In carcere, Sandokan può leggere giornali nazionali e usare la televisione. Fatale che sia stato investito dall'urto. L'impatto penetra nel reparto bunker del carcere più grande d'Europa, Milano Opera. Si infila oltre quel cortile dell'ora d'aria che ha pareti alte cinque metri e una rete per copertura. Entra nella cella di sei metri per quattro e riempie la gabbia dove Schiavone, padrino a capo di una famiglia mafiosa parzialmente sfaldata, sta scontando i suoi giorni distillati di risentimento e silenzio, di lettere compulsive alla moglie e odio per i nemici, di farmaci antidepressivi e tristezza dopo la cattura del primogenito, Nicola.
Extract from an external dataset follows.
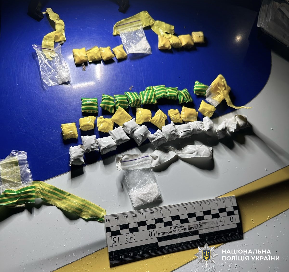 Під час поверхневої перевірки у кропивничанина виявили та вилучили 45 згортків із наркотичним засобом Альфа PVP. Зловмисника затримано у порядку ст. 208 Кримінального процесуального кодексу України.

E di alimenti passati con il contagocce e abbondanza solo di libri e riviste, pittura e motocilette, Settecento e feste del casertano.

La risposta, ora, è un velo di sarcasmo. "Ma da tecnico", dice l'avvocato Valentino, primo dei difensori del capocosca. "Perché - sottolinea il legale - Saviano non glielo declama in faccia, a Schiavone? Il suo discorso, per me, è condito di frasi offensive e gratuite, vedi "guappo di cartone". Saviano ha pure la scorta, può fare entrare nel penitenziario anche quella. Si accomodi. Lui non teme nulla. E nulla, a mio parere, ha da temere. Non mi risulta sia mai stato minacciato". Saviano, interpellato, dice secco: "Ci sto. Colgo l'invito, poiché credo fermamente in quello che penso e scrivo. Se fossi autorizzato, metterei piede a Milano Opera e lo farei senza timore".

Saviano torna anche sul caso di Gaspare Spatuzza, il collaboratore cui è stato vietato lo status di pentito: "È quasi un modo per ricattarlo, per dirgli basta, è tutto finito, nessuno ti proteggerà. Bisogna permettergli di raccontare tutto quello che sa". Spatuzza, per Saviano, ha ancora molte informazioni da fornire, "certamente da verificare: ma togliendogli la protezione si impedisce di verificare e conoscere nel dettaglio gli elementi. Ormai in Italia la situazione dei collaboratori di giustizia è in difficoltà: si preferisce puntare sulle grandi retate più che sul racconto del business dall'interno".

Parole che penetrano. È l'effetto Gomorra che si moltiplica. La lettera di ieri non ha per bersaglio un impero con i suoi traffici, ma il senso stesso di un'esistenza da capo mafioso al capolinea, la sua pelle, le sue ore, la sua discendenza. "Che destino è il tuo? Una vita da topi cui costringi i tuoi figli. Pèntiti", dice Saviano. E per Schiavone sono nuovi colpi di maglio, come provano le irate considerazioni nelle sue lettere contro "gli avvoltoi giornalisti", contro "il marchio che ci condanna". Ogni giorno parte un fax dal carcere indirizzato alla moglie Giuseppina Nappa detta Maria Pia, quasi laureata. Il marchio del rito. "Caro dolce amore mio". Ogni giorno, lei risponde con un telegramma: "Caro dolce marito". Messaggio che spesso arriva in ritardo, tra le ire del boss. "Le poste mai hanno funzionato e mai funzioneranno".

Poi, l'invito di Saviano. Sono i colpi per il boss forse più sottili e dolorosi - perché non contemplati dalle regole del rischio criminale e delle stangate giudiziarie. Persino più intollerabili delle stesse sentenze, del "fine pena mai" scritto in ultimo dalla Cassazione, l'altro nome dell'ergastolo. "Collabora con la giustizia, riscatta il sangue", gli grida Saviano. Risponde l'altro legale del boss, l'avvocato Alfonso Baldascino. "Noi restiamo i tecnici al servizio della giustizia. Se il detenuto Schiavone mi chiede di difenderlo nell'innocenza, io così faccio. Se poi si vuole pentire? Non mi fa né caldo né freddo. Quanto ai pentiti, ho sempre pensato che sia immorale il contratto che la giustizia firma con i pentiti". Immorale? "Certo, i pentiti dicono 8 o 9 cose buone e una falsa. Quella falsa porta in carcere un innocente. Loro mettono in vendita le conoscenze, lo Stato paga".
A mille chilometri, nella sua Casale, intanto l'affondo dello Stato continua. Lavorano "gli incappucciati". Sono i poliziotti che fanno le riunioni sotto il neon anche a mezzogiorno, porte chiuse e persiane sprangate, in un palazzo confiscato alla mafia di Sandokan, una cellula investigativa radicata nel paese, voluta due anni fa dal capo della polizia Antonio Manganelli. È l'avanguardia dell'antimafia nel cuore dell'Antistato. A guidarli c'è un giovane in polo viola, Alessandro Tocco, 37 anni, quello che ha catturato il figlio del padrino. Sono gli infiltrati, nella patria di Sandokan.